На следующий день африканец подписал договор о дружбе с Советской страной. Это, впрочем, не спасло людоеда от быстрой наведённой смерти в крымском санатории. Домой африканец летел уже потрошёный и забальзамированный. Болтаясь в брюхе военного самолёта, людоед недоумённо глядел пустыми глазами в черноту своего нового деревянного дома и ненавидел всех белых людей за их силу.
Время от времени, особенно в белые ночи, житель шалаша открывал дверь, чтобы посмотреть на мир. Залетевшие комары, напившись бальзамической крови, дурели и засыпали на лету. Он спал год за годом, и гранит приятно холодил его вечное тело. Он бы покинул это место, пошёл по Руси, как и полагалось настоящему старику-философу в этой стране, но над ним тяготело давнее проклятие. Проклятие привязало гения к месту, к очагу, с которого всё начиналось и лишило сил покинуть гранитное убежище.

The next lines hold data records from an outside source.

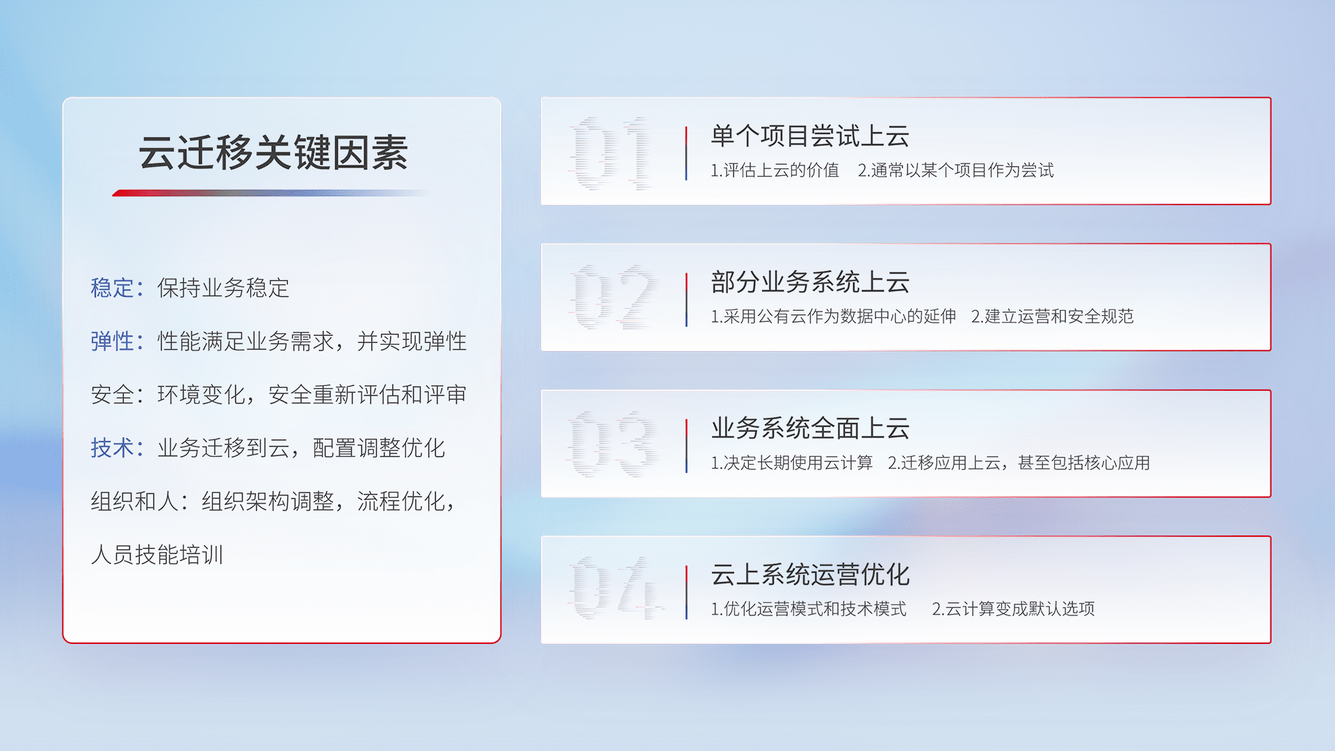 结合实际业务,,,,从规划设计、、、、云平台选型、、、云原生改造、、、数据迁移、、、、集成交付,,迁移全过程为客户识别最佳上云路径,,做好风险识别管理,,,,设计网络架构、、、、身份权限、、、安全审计合规、、操作审计、、、日志审计、、、监控告警策略、、、多站点容灾设计等,,,,对云上基础设施进行整体规划,,提升IT治理水平,,,以满足弹性、、、、高可用、、、、高性能的需求。。
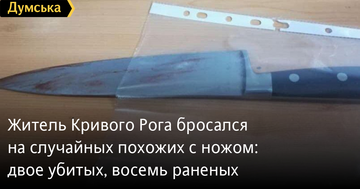 Житель Кривого Рога бросался на случайных похожих с ножом: двое убитых, восемь раненыхДвое человек убиты и восемь ранены в результате уличного нападения неадекватного 29-летнего жителя Кривого Рога. Как сообщили в пресс-службе ГУНП в Днепропетровской области, вчера около 15:20 мужчина бросался на случайных прохожих с ножом в Металлургическои районе города. Среди пострадавших есть восьмилетний мальчик. Двое человек погибли на месте, восьмерых доставили в больницу. Мужчину задержали и доставили в Криворожский отдел полиции. После задержания он заявил, что убить людей ему приказал «голос Бога». Задержанному предъявили подозрение по ч. 2 п. 1 ст. 115 (умышленное убийство) и ч. 2 ст. 15, ч. 2 п. 1, 2 ст. 115 УК Украины (покушение на умышленное убийство). В настоящее время правоохранители выясняют все обстоятельства трагедии. На преступление отреагировал президент Владимир Зеленский, который родом из Кривого Рога. «Не сомневаюсь, что события в Кривом Роге являются проявлением абсолютного терроризма — по смыслу, по сути, по последствиям, по ужасу, который пришел в наши дома, — написал Зеленский. — Даже если по Уголовному кодексу это конкретное преступление будет трактовано иначе. Но именно так — это терроризм, варварский способ запугать людей. Поэтому никакого оправдания и никакого снисхождения к уродам рода человеческого». Заместитель министра внутренних дел Антон Геращенко в свою очередь отметил, что задержали молодого человека в момент, когда тот пытался напасть на женщину с малолетним ребенком. Замминистра сообщил, со слов родственников убийцы, что тот ездил в Чехию на заработки, а через год вернулся оттуда «другим человеком». «Стал говорить о каких-то демонах. Но не вел себя агрессивно», — написал Геращенко. Полиция в доме убийцы на стенах нашла мистические символы и концентрические рисунки. Трактовать их будут эксперты в психиатрии. Когда мужчину задерживали, он ответил, что родился в аду, а убийство совершил, чтобы показать людям, что они тоже в аду. СМЕРТЬ РОССИЙСКИМ ОККУПАНТАМ! Заметили ошибку? Выделяйте слова с ошибкой и нажимайте control-enter |
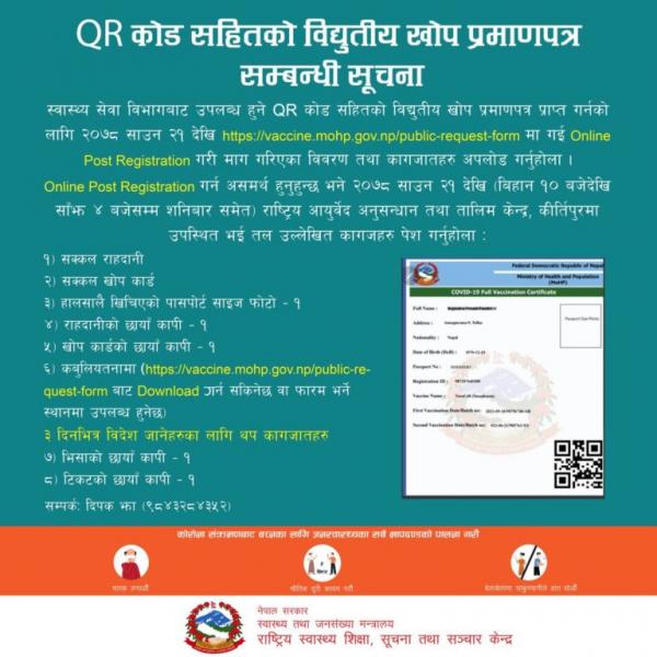 कोरोना खोप लगाएकालाई आजदेखि क्यूआर कोडसहितको विद्युतीय खोप प्रमाणपत्र वितरण
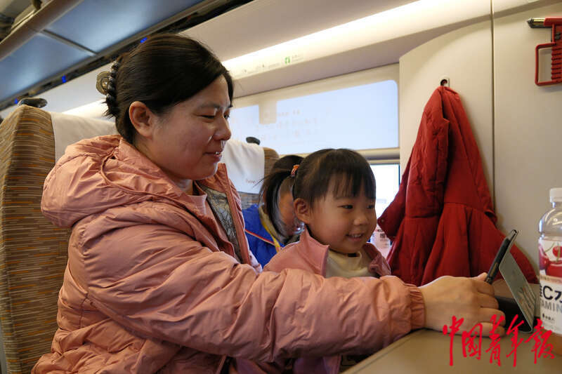 1月13日,从北京开往南昌的G893次列车上,黄女士和女儿一起看视频。中青报·中青网记者 田嘉硕/摄

Потом пришли иные времена, людей вокруг стало меньше. Персональная ненависть к нему ослабла — и он стал чаще выходить наружу. Теперь это можно было делать днём, а не ночью. Но всё равно он не мог покинуть эти берёзы, озеро и болота.
Сила его слабела одновременно с тем, как слабела в мире вера в его непогрешимость и вечность. Однажды к нему в лес пришёл смуглый восточный человек, чтобы заключить договор. Но желания справедливости не было в этом восточном человеке, чем-то он напоминал жителю шалаша мумию, сбежавшую из Эрмитажа.
Старик слушал пришельца, и злость вскипала в нём.
Восточный человек предлагал ему продать первородство классовой борьбы за свободу. Вместо счастья всего человечества нужно было драться за преимущества одной нации. Старик хмуро смотрел на пришельца, но сила русского затворника была уже не та.
«Натуральный басмач», — подумал он, вдыхая незнакомые запахи — пыль пустыни и прах предгорий Центральной Азии.
Это было мерзко — и то, что предлагал гость, и то, что его было невозможно прогнать.
Но перед уходом хан-басмач сделал ему неожиданный подарок. Обернувшись, уходя, он напомнил ему историю старого игумена. Хозяина Разлива проклинали многажды — и разные люди. Проклятия ложились тонкими плёнками, одно поверх другого. Но было среди прочих одно, что держало его именно здесь, среди болот и осоки. Его когда-то наложил обладавший особой силой игумен. Игумен стоял в Кремле, среди тех храмов, которые скоро исчезнут, и ждал его. И когда мимо проехала чёрная открытая машина, стремительно и резко взмахнул рукой. Священник потом уехал на Север, но его всё равно нашли. Игумена давным-давно не было на свете, а вот проклятие осталось.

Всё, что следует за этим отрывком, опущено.